In our study the negative association between carbohydrate intake and serum ghrelin was near to significant. Ghrelin fluctuations have been shown to inversely correlate with those of insulin, when insulin concentrations rise, ghrelin concentrations fall (42-44). It is generally accepted that carbohydrate is the most effective macronutrient for ghrelin suppression, because of its rapid absorption and insulin secreting effect. Protein induces a prolonged effect and fat exhibits weak ghrelin suppressing capacity (45).

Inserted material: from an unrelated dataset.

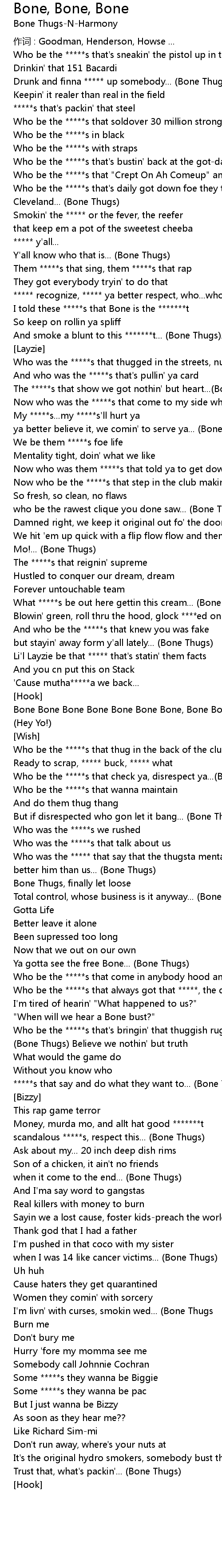| ***** recognize, ***** ya better respect, who...who...who... (Bone Thugs) | |

Our study had some limitations. First, was the use of self-reported nutrient intake which has the potential for tremendous recall bias and underreporting. This was likely the case for the PCOS group that had a significantly lower total energy intake. In addition, single fasting hormone measures were more limited than a 24 hour profile or hormone response to given macronutrient test meals. The sample size of our study might be considered too low. Blood samples from PCOS women were collected at any time, hence it was not possible to determine which cycle stage they were at.
Conclusion
The results of the current study showed that in PCOS patients some components of habitual dietary intake such as fat and SFA were inversely associated with serum leptin concentrations, independent of BMI and total energy intake. There was no significant association between habitual dietary intake of macronutrients or their subtypes and serum ghrelin concentrations.
Based on these findings, limiting food stuffs high in fat (especially SFA) would be beneficial in appropriate control and management of either the metabolic or endocrine status of PCOS patients.